Einfach mal nach einem Tutorial suchen, gibt genügend


----------



## Timo. (16. Okt 2009)

@L-ectron-X

Du hast recht. Aber ich weiß leider nicht mehr wie ich die Jar Datei mit Netbeans ins Projekt integriere. Aber trotzdem danke.

Gruß Timo.


----------



## homer65 (16. Okt 2009)

Bei Tomcat gebe zwei Möglichkeiten.
(1) $CATALINA_HOME/shared/lib/   Für alle Anwendungen gemeinsam
(2) $CATALINA_HOME/webapps/DeineWebapp/WEB-INF/lib/   Nur für DeineWebapp

$CATALINA_HOME ist das Verzeichnis, in dem der Tomcat installiert ist.


----------



## L-ectron-X (16. Okt 2009)

Timo. hat gesagt.:


> Aber ich weiß leider nicht mehr wie ich die Jar Datei mit Netbeans ins Projekt integriere.
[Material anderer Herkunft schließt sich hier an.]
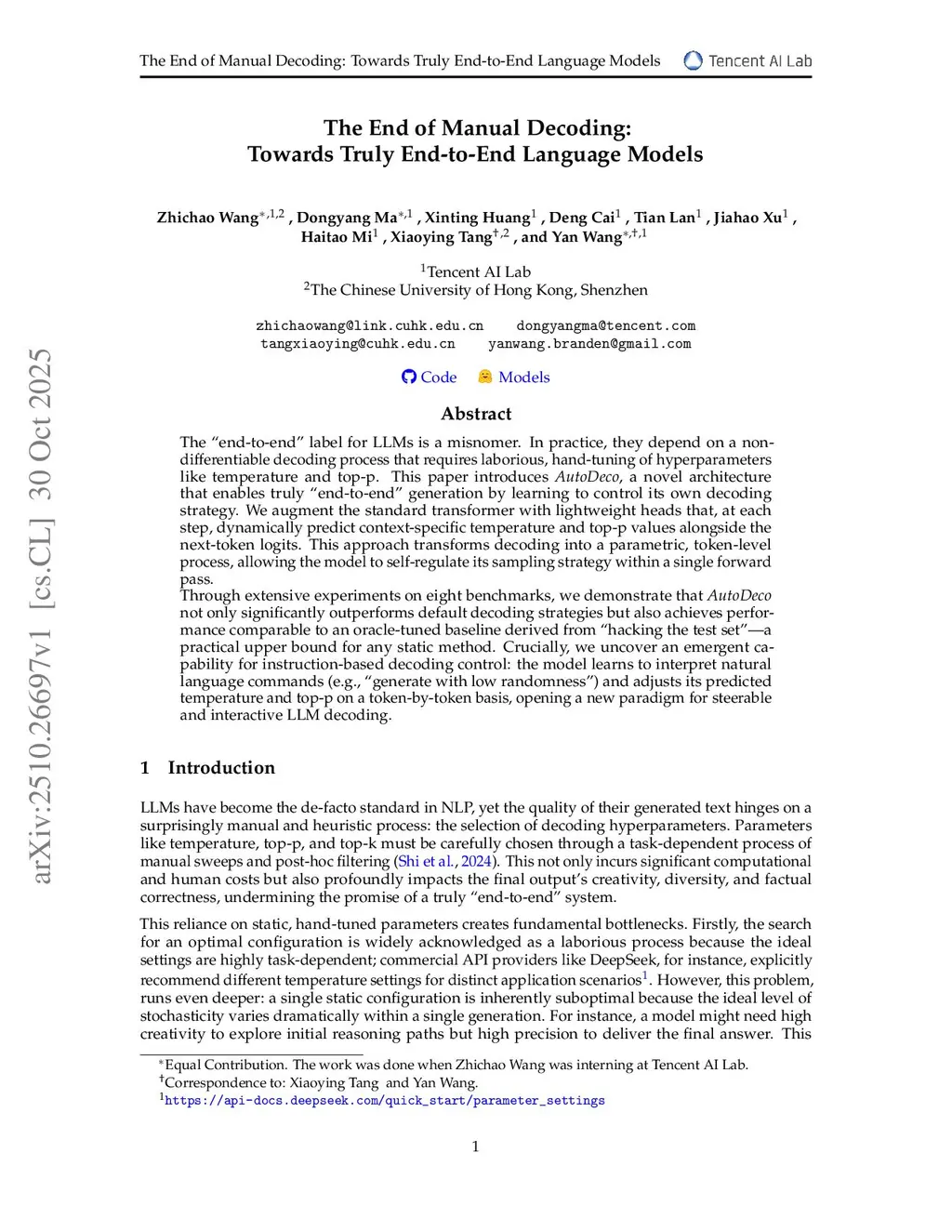 The "end-to-end" label for LLMs is a misnomer. In practice, they depend on a non-differentiable decoding process that requires laborious, hand-tuning of hyperparameters like temperature and top-p. This paper introduces AutoDeco, a novel architecture that enables truly "end-to-end" generation by learning to control its own decoding strategy. We augment the standard transformer with lightweight heads that, at each step, dynamically predict context-specific temperature and top-p values alongside the next-token logits. This approach transforms decoding into a parametric, token-level process, allowing the model to self-regulate its sampling strategy within a single forward pass.Through extensive experiments on eight benchmarks, we demonstrate that AutoDeco not only significantly outperforms default decoding strategies but also achieves performance comparable to an oracle-tuned baseline derived from "hacking the test set"-a practical upper bound for any static method. Crucially, we uncover an emergent capability for instruction-based decoding control: the model learns to interpret natural language commands (e.g., "generate with low randomness") and adjusts its predicted temperature and top-p on a token-by-token basis, opening a new paradigm for steerable and interactive LLM decoding.

Probiere mal das hier: NetBeans externe Bibliotheken bekannt machen - Byte-Welt Wiki


----------



## Timo. (18. Okt 2009)

Also Leute ich bin da glaube zu blöd dafür.
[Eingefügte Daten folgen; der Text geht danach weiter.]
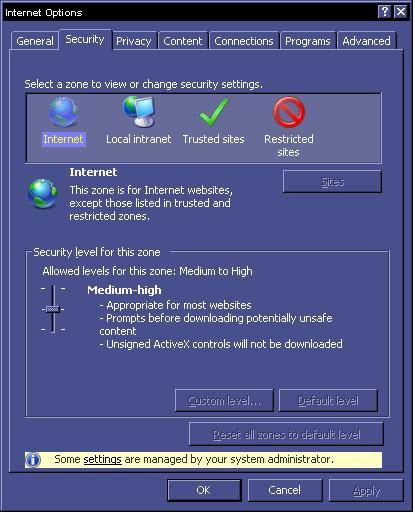 Note:    If Internet option is restricted as in picture below, please contact your system or domain administrator.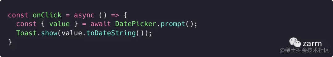 首先,我们对所有弹层交互组件增加了指令调用方式,这样就不再需要添加大量的代码来实现弹层的状态管理,只需通过简单的指令式调用,就可以在任何地方轻松使用弹层组件。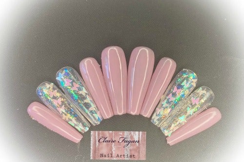 Pale pink nails with shimmery butterfly accents are so pretty and will look unlike any other manicure you've seen. That’s great for social media and those Zoom parties.
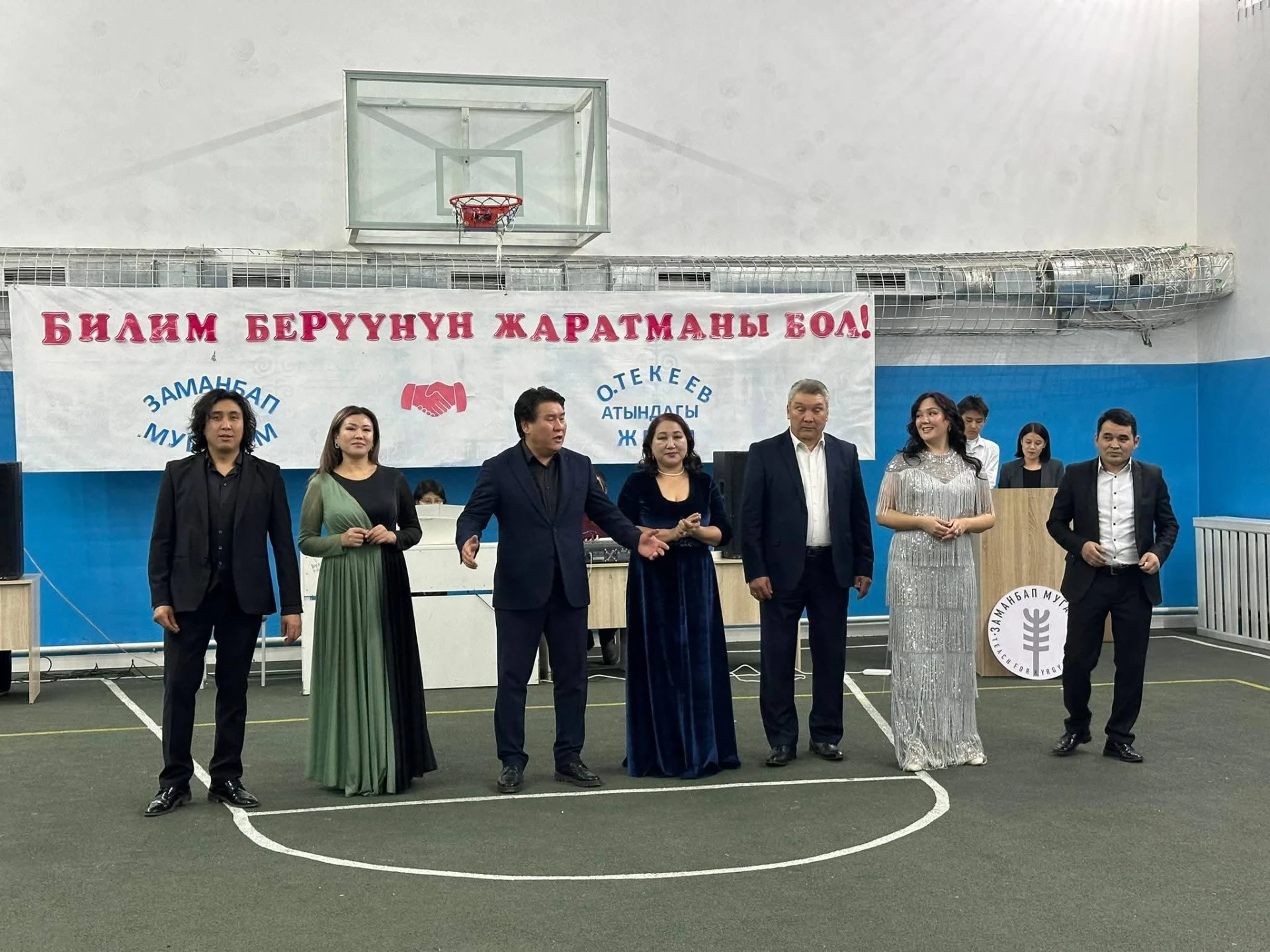 На сцене выступили народный артист КР Бактыбек Ыбыкеев, заслуженные артисты Айзирек Момунова, Айбек Саралаев, Нуржигит Асанов, а также лауреаты международных конкурсов Христина Севостьянова, Салима Маматова и Мурат Дербишалиев. Концертмейстером вечера была Нуржан Токтобекова.

Ich habe den JDBC Treiber ins richtige Verzeichnis kopiert aber irgendwie hagelt es bei mir im Tomcat Log Exceptions das knallt.

Ich habe überhaupt keinen Plan wie ich in Java Web vorgehen muss. Habe jetzt schon einige Tutorials angelesen. Mir raucht der Kopf.
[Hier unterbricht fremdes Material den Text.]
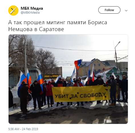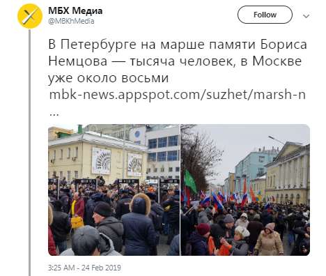 Марш памяти Бориса Немцова проходит в Москве и ряде других российских городов в воскресенье, 24 февраля.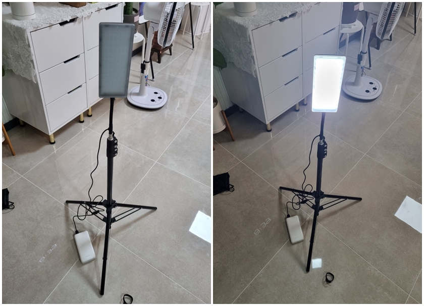 제품을 조립하고 보조배터리를 연결해서 조명을 켜봤어요. 거실 불이 켜져 있는 상태에서 켰는데도 조명이 너무 밝아서 눈뽕 맞을 것 같아요.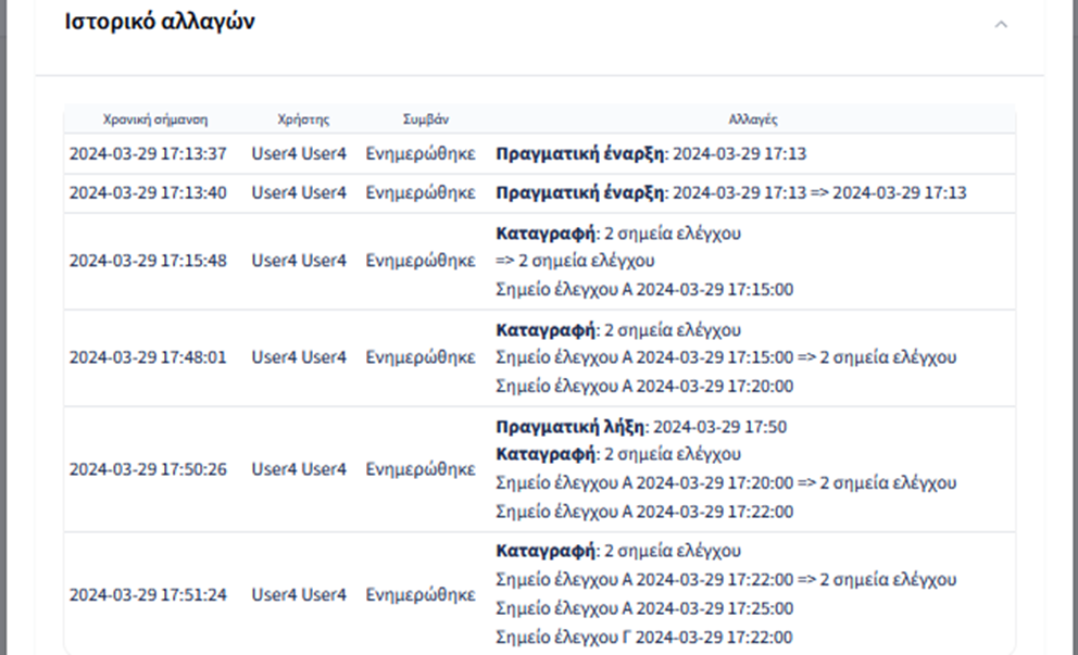 Στο παρακάτω παράδειγμα φαίνονται αλλαγές στη χρονική σήμανση επίσκεψης σε κάθε σημείο ελέγχου. Πρακτικά θα υπάρχει μόνο μία σήμανση αλλαγής στη χρονοσφραγίδα επίσκεψης σε κάθε σημείο ελέγχου.

Ich habe jetzt mal meine Desktop Applikation hochgeladen.
Sie ist ein Netbeans Projekt. Das Script zum anlegen der Datenbank liegt auch dabei.

Wäre von Euch Profis einer so nett und würde sich das mal anschauen. 
Wenn ich wüßte wo ich welchen Code einfügen muss dann wäre mir schon geholfen.

link

Vielen Dank 

Gruß Timo


----------